Source material:
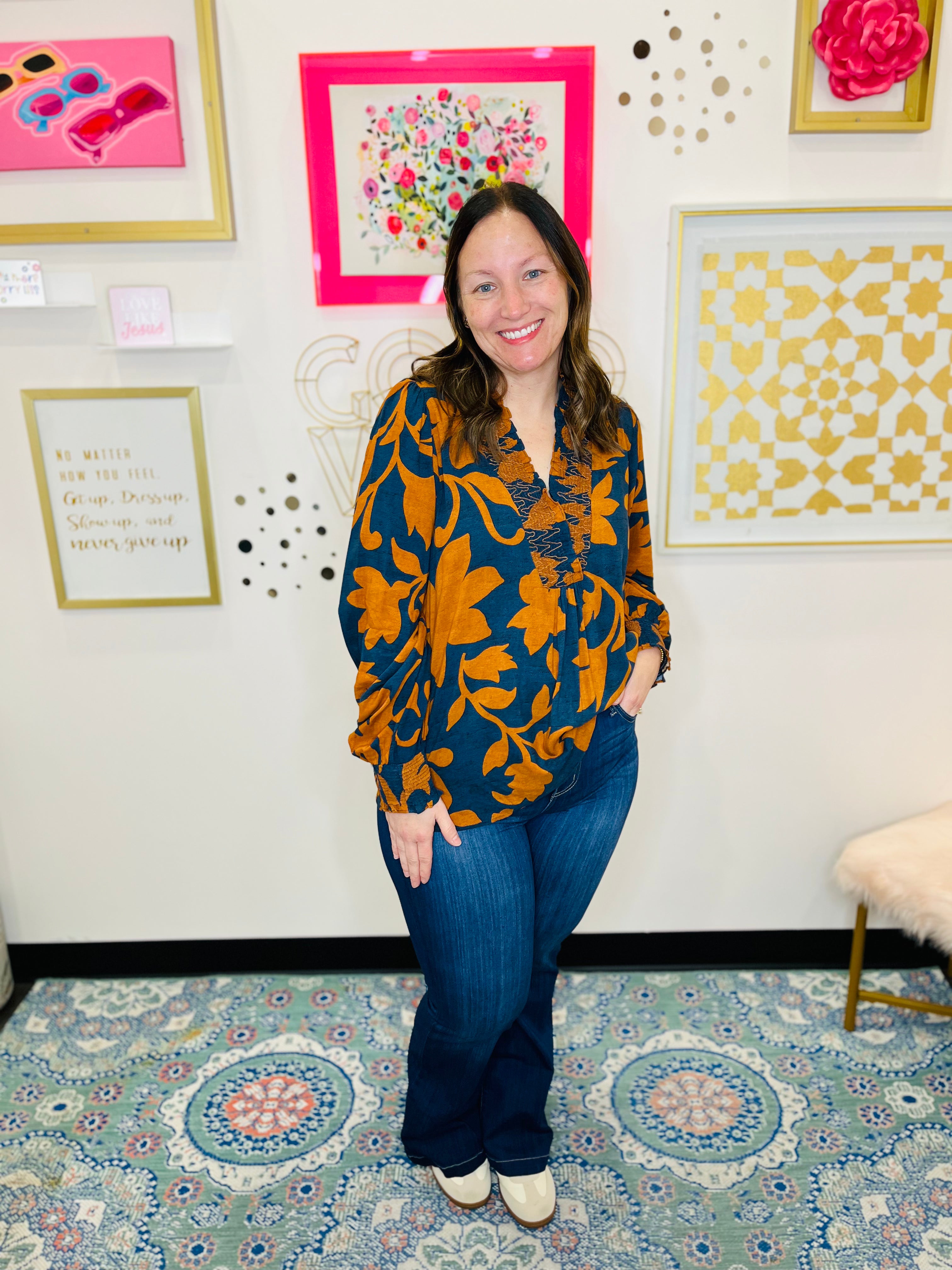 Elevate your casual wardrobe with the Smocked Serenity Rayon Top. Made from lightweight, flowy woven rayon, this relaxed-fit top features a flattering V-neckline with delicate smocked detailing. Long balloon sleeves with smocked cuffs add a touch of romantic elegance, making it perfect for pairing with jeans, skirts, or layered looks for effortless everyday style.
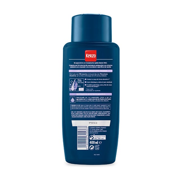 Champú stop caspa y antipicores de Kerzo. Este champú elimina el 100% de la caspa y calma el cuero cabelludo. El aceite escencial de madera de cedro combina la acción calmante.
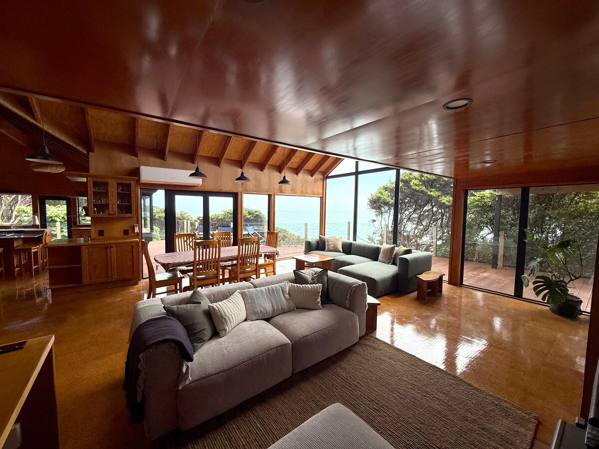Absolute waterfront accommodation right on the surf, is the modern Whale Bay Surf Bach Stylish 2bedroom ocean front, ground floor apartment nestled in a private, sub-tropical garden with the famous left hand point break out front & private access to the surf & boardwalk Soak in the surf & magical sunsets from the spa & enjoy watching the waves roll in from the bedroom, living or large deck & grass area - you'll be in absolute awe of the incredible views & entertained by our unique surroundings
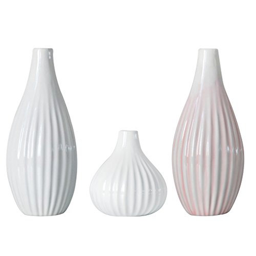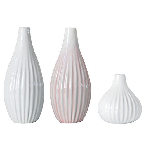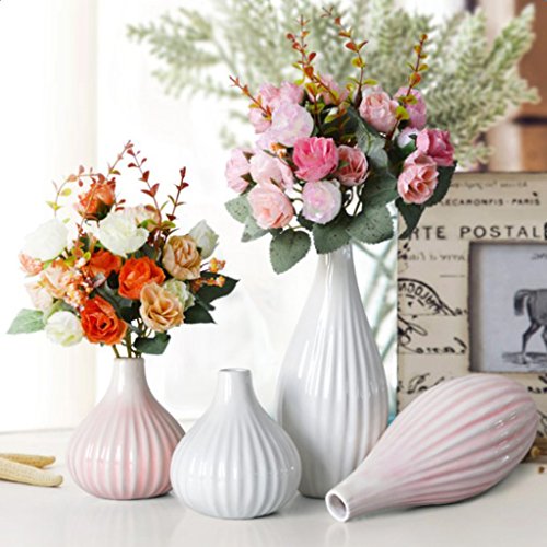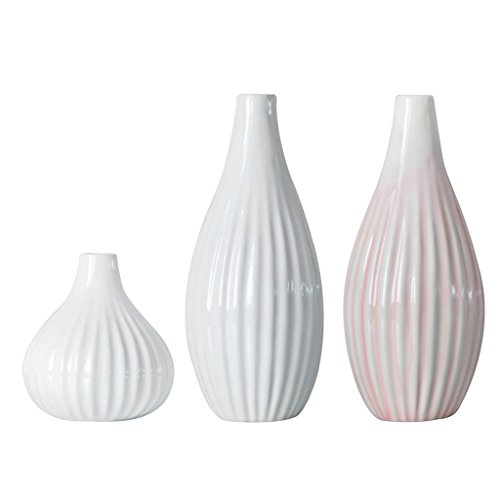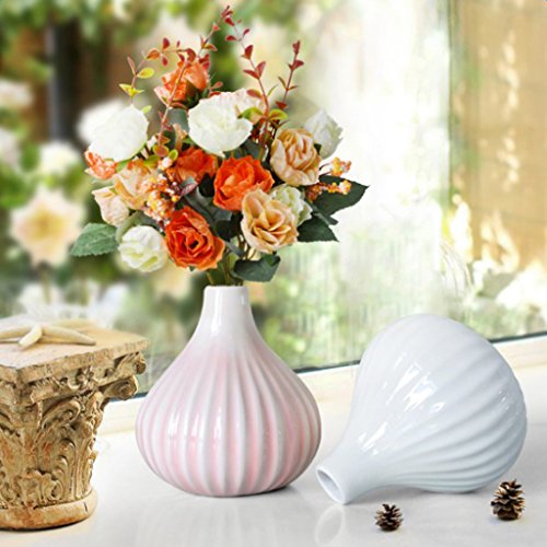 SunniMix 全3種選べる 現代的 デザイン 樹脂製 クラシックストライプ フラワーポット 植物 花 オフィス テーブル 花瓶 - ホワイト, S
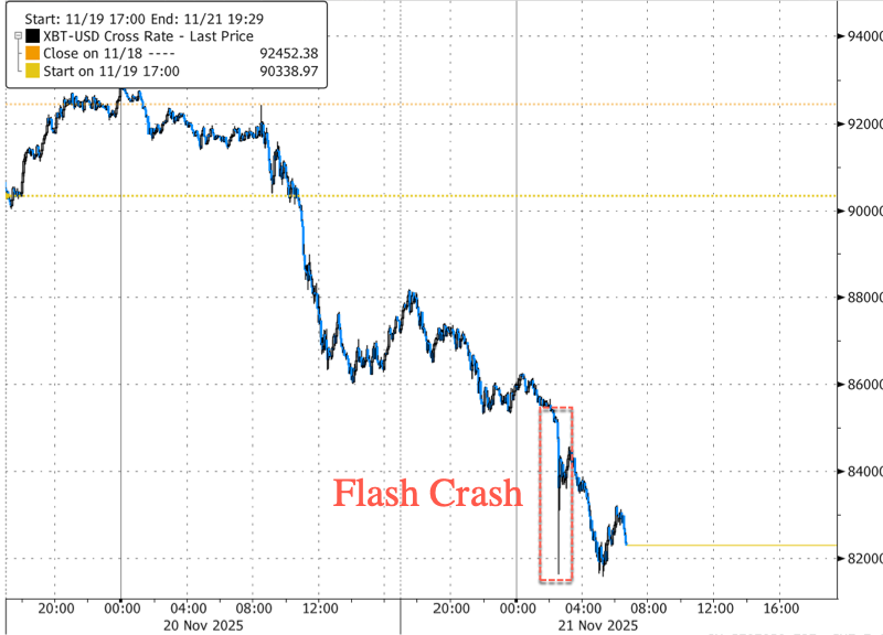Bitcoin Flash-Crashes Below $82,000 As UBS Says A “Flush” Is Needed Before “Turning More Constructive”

...

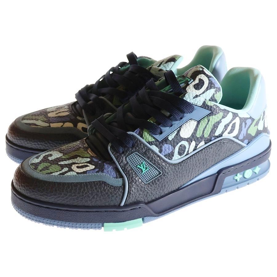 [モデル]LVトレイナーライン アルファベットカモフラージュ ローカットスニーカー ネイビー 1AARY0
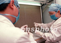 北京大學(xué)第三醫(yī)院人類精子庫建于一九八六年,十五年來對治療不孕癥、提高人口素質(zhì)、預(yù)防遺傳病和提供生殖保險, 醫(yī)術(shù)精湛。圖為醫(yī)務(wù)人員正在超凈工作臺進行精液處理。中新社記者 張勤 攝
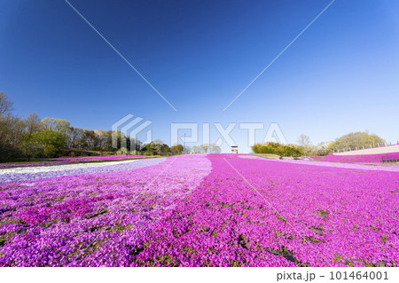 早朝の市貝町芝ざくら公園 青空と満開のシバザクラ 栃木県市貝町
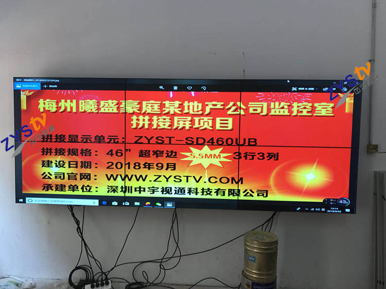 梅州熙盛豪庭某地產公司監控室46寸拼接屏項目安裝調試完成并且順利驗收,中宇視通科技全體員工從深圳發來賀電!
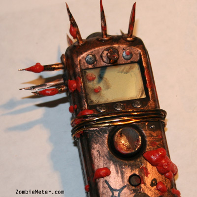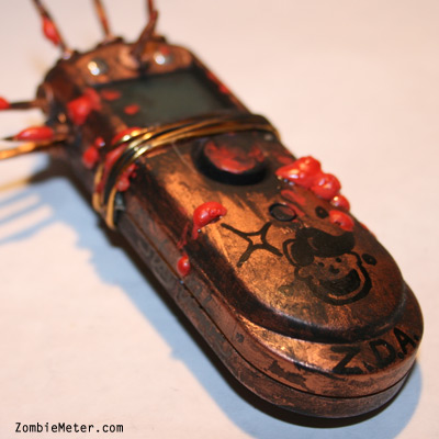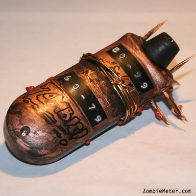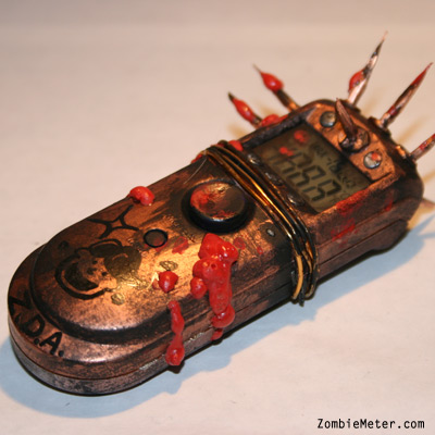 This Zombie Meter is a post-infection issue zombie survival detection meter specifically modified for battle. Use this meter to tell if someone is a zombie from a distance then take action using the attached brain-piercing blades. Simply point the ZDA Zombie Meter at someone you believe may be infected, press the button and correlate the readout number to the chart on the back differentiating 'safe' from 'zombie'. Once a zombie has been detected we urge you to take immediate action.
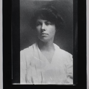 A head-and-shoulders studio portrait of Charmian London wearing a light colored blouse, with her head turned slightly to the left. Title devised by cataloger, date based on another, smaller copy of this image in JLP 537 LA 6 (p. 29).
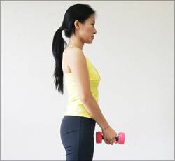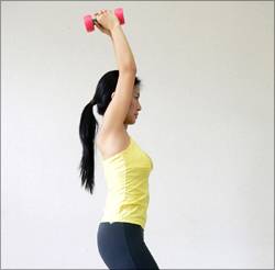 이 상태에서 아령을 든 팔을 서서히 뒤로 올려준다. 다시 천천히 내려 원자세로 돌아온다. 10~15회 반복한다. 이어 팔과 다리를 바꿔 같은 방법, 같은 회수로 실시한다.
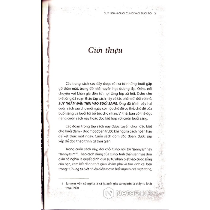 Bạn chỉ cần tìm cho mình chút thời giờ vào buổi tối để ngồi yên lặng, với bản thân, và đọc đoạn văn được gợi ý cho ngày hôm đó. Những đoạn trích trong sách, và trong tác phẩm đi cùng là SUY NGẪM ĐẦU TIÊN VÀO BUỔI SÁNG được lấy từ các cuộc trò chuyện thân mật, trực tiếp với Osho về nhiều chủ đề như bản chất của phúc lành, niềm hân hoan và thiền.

---

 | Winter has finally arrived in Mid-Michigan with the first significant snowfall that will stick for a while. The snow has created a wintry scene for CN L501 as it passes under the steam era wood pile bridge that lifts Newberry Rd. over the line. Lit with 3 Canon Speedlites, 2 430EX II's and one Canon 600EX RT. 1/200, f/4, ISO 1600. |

What is expected: In the listing above, find the line with "Elevate your casual" and the line with "Champú stop caspa". Output both, plus every line between them, and no pictures.

Output for this exercise:
 Elevate your casual wardrobe with the Smocked Serenity Rayon Top. Made from lightweight, flowy woven rayon, this relaxed-fit top features a flattering V-neckline with delicate smocked detailing. Long balloon sleeves with smocked cuffs add a touch of romantic elegance, making it perfect for pairing with jeans, skirts, or layered looks for effortless everyday style.
 Champú stop caspa y antipicores de Kerzo. Este champú elimina el 100% de la caspa y calma el cuero cabelludo. El aceite escencial de madera de cedro combina la acción calmante.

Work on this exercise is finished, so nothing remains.